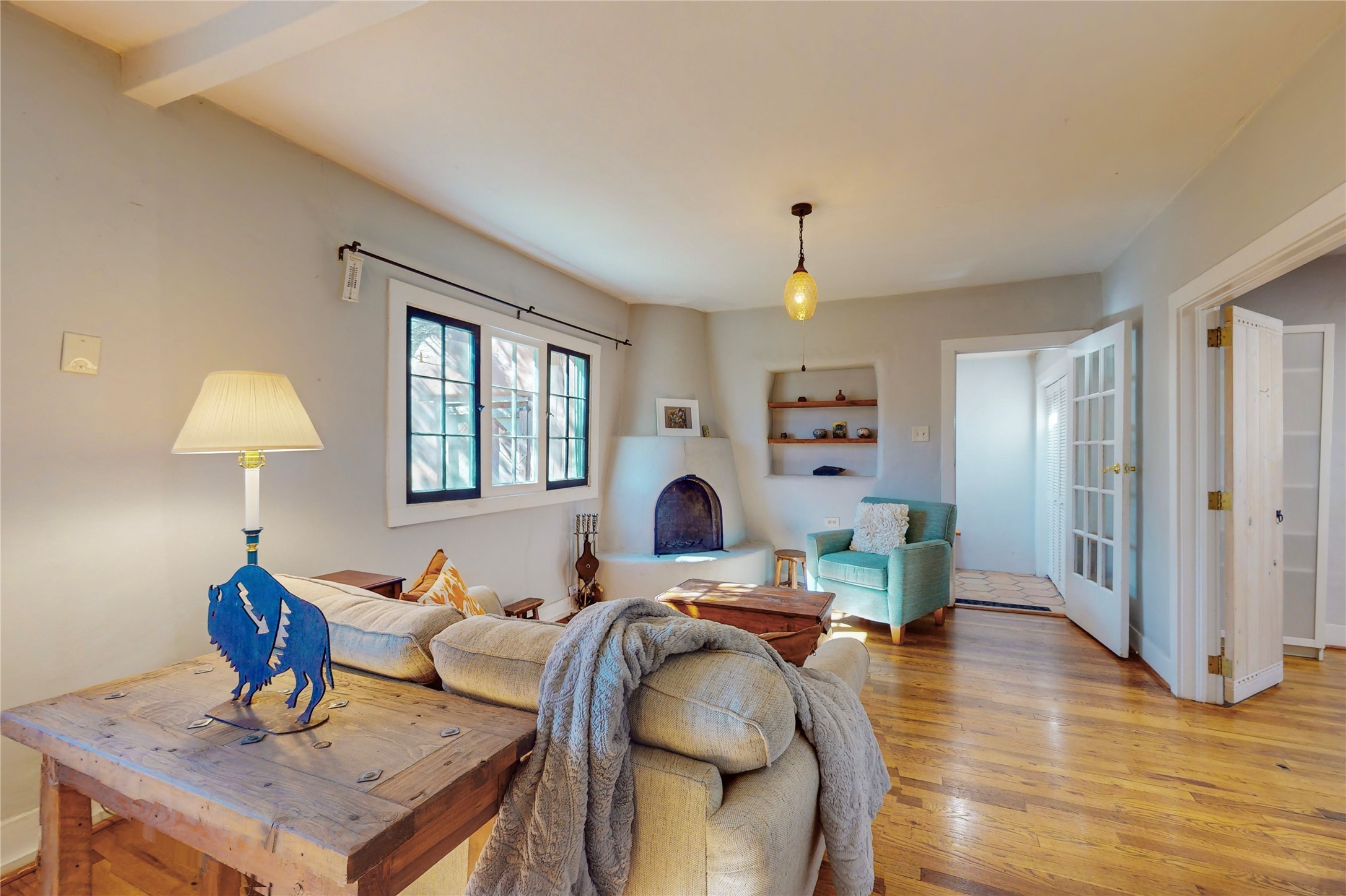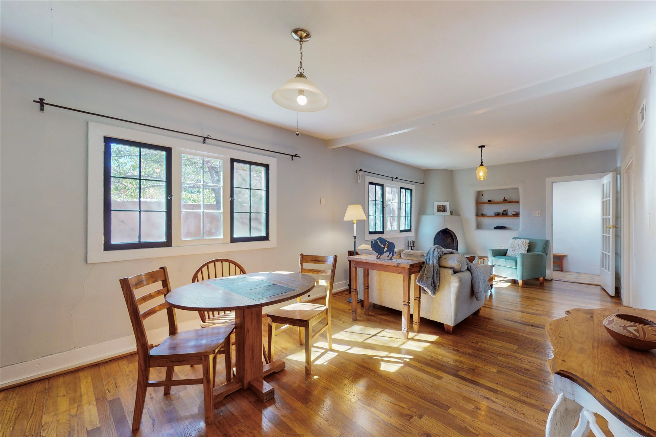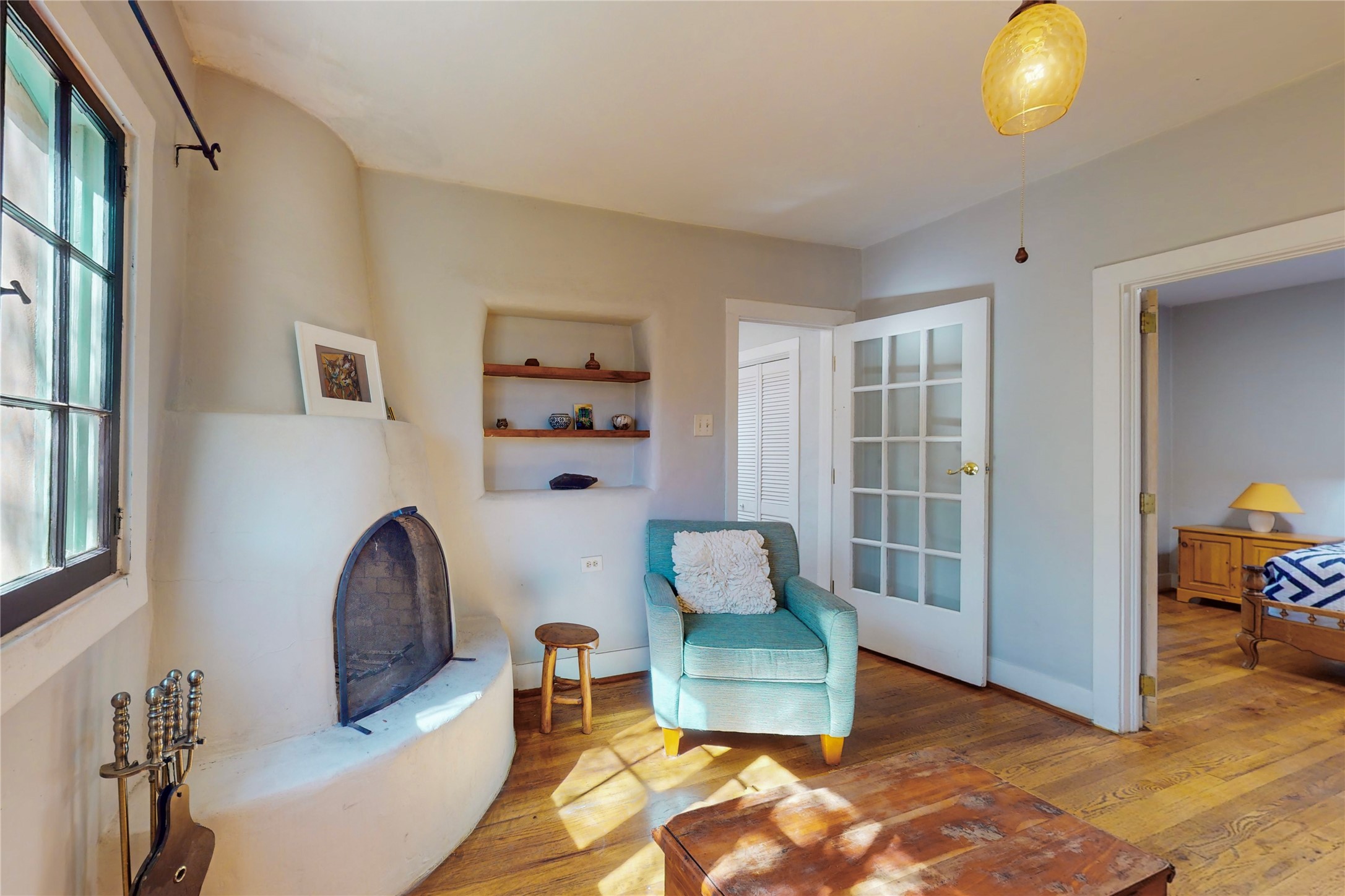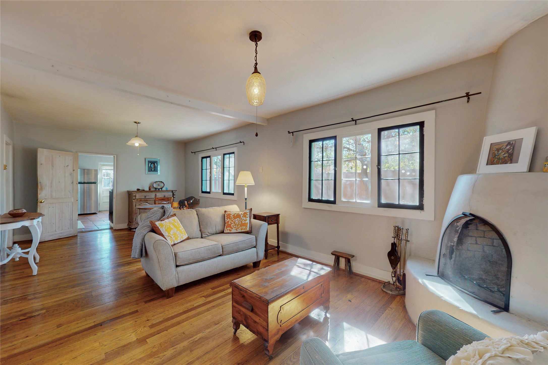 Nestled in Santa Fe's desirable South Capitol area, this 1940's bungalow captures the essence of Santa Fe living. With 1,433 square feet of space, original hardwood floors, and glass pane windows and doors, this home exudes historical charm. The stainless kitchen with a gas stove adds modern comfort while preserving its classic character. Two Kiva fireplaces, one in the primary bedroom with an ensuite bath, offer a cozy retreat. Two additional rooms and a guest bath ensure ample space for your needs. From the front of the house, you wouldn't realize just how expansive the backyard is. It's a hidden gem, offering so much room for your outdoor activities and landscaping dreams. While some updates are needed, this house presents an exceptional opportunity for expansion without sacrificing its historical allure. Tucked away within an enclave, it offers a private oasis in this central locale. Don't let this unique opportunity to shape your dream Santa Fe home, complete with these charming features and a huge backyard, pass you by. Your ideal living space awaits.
...
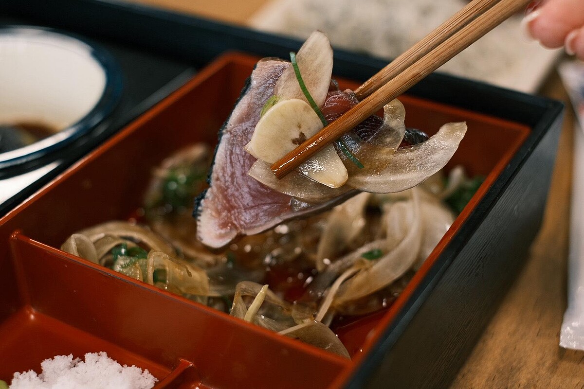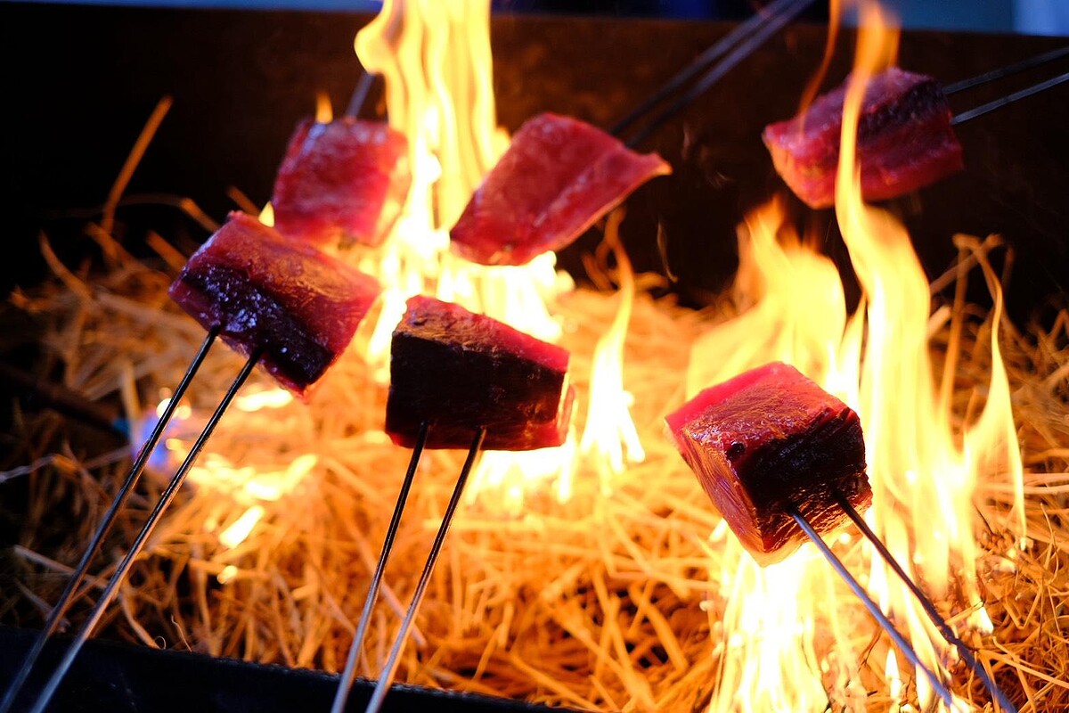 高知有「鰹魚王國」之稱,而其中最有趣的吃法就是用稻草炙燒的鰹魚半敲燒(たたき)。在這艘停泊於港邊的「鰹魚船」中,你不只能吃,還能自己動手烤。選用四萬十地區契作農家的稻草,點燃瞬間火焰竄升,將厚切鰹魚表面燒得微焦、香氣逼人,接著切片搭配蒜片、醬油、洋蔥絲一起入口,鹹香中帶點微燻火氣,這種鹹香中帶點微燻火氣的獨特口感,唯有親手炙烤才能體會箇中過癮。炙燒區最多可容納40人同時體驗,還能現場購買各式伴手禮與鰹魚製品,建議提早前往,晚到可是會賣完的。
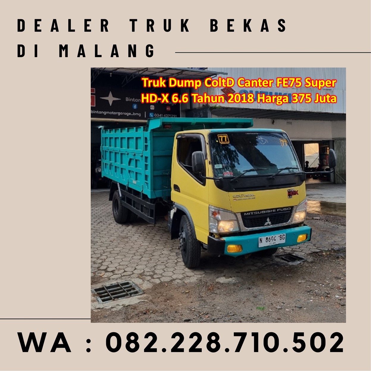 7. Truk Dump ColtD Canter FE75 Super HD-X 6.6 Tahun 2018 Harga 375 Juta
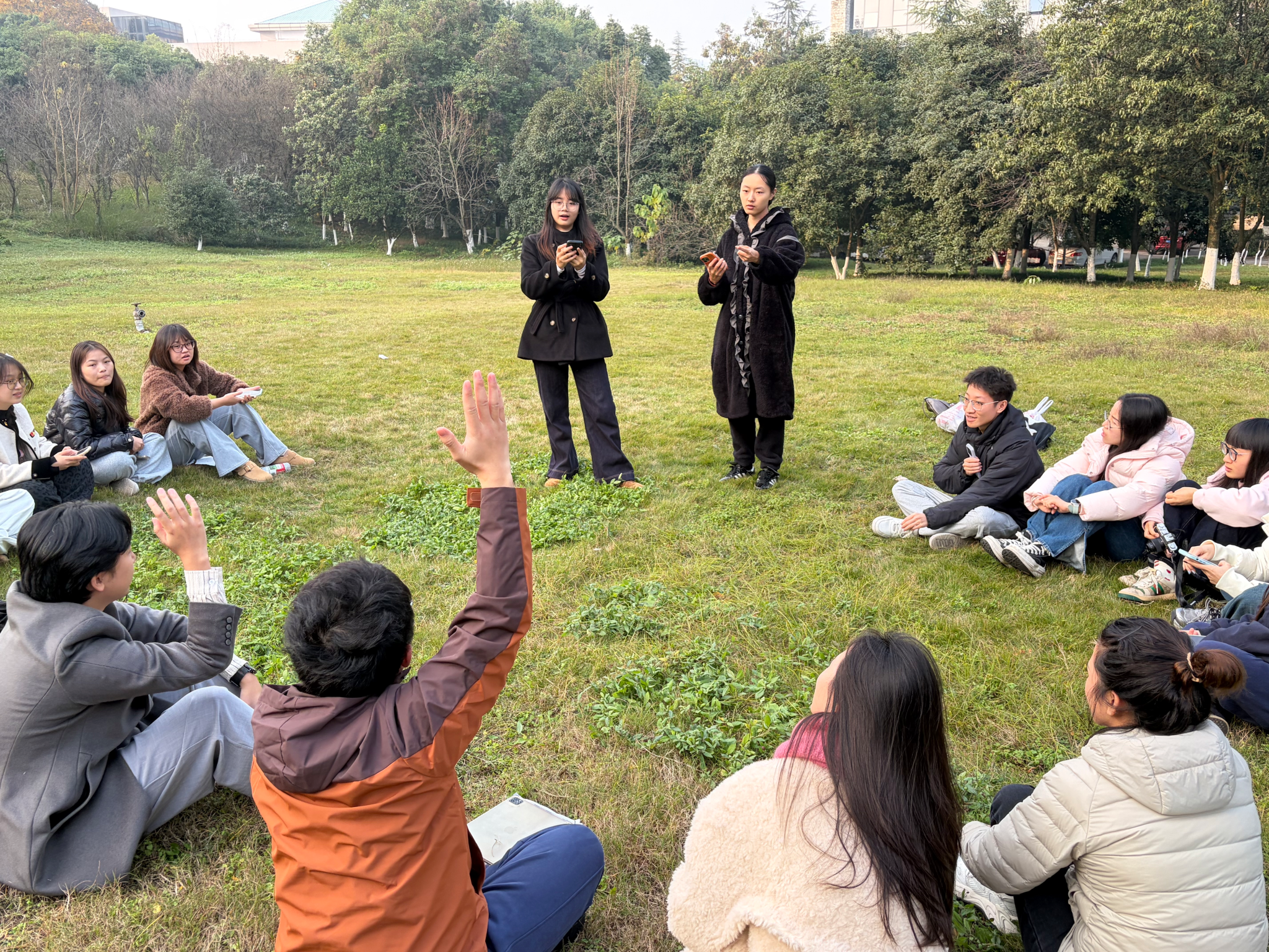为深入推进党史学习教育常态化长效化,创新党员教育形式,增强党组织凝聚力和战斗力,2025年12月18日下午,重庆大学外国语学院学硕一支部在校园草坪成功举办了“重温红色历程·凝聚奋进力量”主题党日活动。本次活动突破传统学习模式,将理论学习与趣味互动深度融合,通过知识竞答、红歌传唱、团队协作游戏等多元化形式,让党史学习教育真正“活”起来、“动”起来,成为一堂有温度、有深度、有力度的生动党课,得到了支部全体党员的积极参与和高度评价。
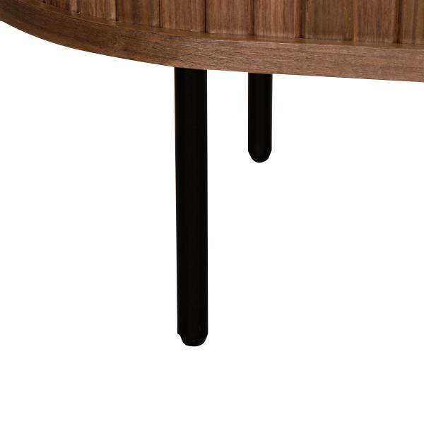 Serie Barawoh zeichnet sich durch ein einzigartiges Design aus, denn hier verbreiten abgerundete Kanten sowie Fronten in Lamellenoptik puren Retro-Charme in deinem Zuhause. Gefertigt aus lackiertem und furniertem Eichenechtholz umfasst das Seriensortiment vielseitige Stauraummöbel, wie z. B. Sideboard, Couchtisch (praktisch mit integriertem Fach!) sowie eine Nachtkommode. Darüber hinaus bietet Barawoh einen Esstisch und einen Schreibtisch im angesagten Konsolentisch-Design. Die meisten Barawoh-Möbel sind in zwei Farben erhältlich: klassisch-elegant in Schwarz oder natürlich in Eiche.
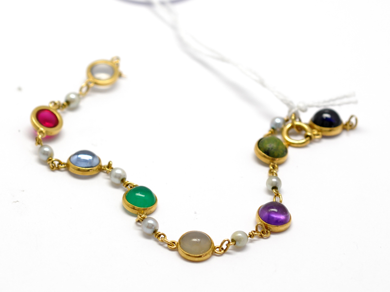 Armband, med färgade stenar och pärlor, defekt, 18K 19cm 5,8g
---
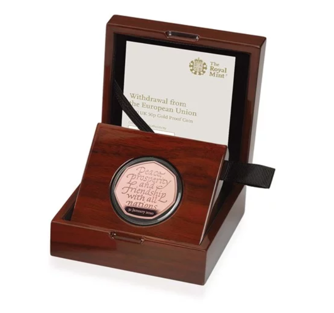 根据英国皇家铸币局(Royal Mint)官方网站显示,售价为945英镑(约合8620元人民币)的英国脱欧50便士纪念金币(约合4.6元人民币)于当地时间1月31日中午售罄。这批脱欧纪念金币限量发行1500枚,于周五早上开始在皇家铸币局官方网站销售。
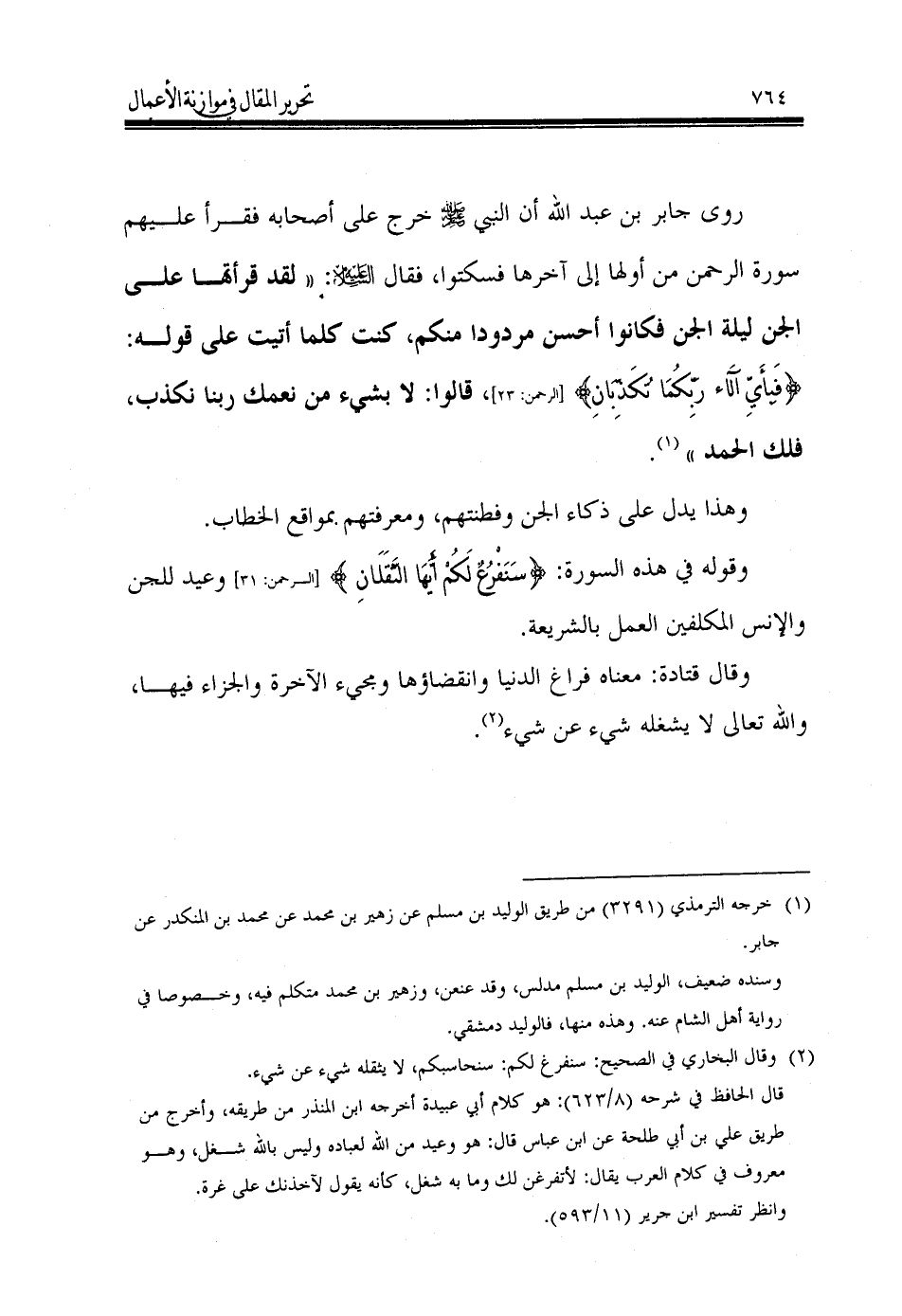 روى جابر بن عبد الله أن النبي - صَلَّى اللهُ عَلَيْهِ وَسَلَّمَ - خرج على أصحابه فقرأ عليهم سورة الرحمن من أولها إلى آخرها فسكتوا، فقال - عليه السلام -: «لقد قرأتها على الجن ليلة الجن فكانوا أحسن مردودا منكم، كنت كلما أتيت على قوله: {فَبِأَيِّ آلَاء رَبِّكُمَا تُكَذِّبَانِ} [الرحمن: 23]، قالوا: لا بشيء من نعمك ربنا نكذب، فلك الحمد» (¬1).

▶ _ACTION ITEM_
Above are the records; restate exactly the lines from the one containing "高知有「鰹魚王國」之稱,而其" through the one containing "Armband, med färgade", keeping pictures out.

▶ _ANSWER SPACE_
 高知有「鰹魚王國」之稱,而其中最有趣的吃法就是用稻草炙燒的鰹魚半敲燒(たたき)。在這艘停泊於港邊的「鰹魚船」中,你不只能吃,還能自己動手烤。選用四萬十地區契作農家的稻草,點燃瞬間火焰竄升,將厚切鰹魚表面燒得微焦、香氣逼人,接著切片搭配蒜片、醬油、洋蔥絲一起入口,鹹香中帶點微燻火氣,這種鹹香中帶點微燻火氣的獨特口感,唯有親手炙烤才能體會箇中過癮。炙燒區最多可容納40人同時體驗,還能現場購買各式伴手禮與鰹魚製品,建議提早前往,晚到可是會賣完的。
 7. Truk Dump ColtD Canter FE75 Super HD-X 6.6 Tahun 2018 Harga 375 Juta
为深入推进党史学习教育常态化长效化,创新党员教育形式,增强党组织凝聚力和战斗力,2025年12月18日下午,重庆大学外国语学院学硕一支部在校园草坪成功举办了“重温红色历程·凝聚奋进力量”主题党日活动。本次活动突破传统学习模式,将理论学习与趣味互动深度融合,通过知识竞答、红歌传唱、团队协作游戏等多元化形式,让党史学习教育真正“活”起来、“动”起来,成为一堂有温度、有深度、有力度的生动党课,得到了支部全体党员的积极参与和高度评价。
 Serie Barawoh zeichnet sich durch ein einzigartiges Design aus, denn hier verbreiten abgerundete Kanten sowie Fronten in Lamellenoptik puren Retro-Charme in deinem Zuhause. Gefertigt aus lackiertem und furniertem Eichenechtholz umfasst das Seriensortiment vielseitige Stauraummöbel, wie z. B. Sideboard, Couchtisch (praktisch mit integriertem Fach!) sowie eine Nachtkommode. Darüber hinaus bietet Barawoh einen Esstisch und einen Schreibtisch im angesagten Konsolentisch-Design. Die meisten Barawoh-Möbel sind in zwei Farben erhältlich: klassisch-elegant in Schwarz oder natürlich in Eiche.
 Armband, med färgade stenar och pärlor, defekt, 18K 19cm 5,8g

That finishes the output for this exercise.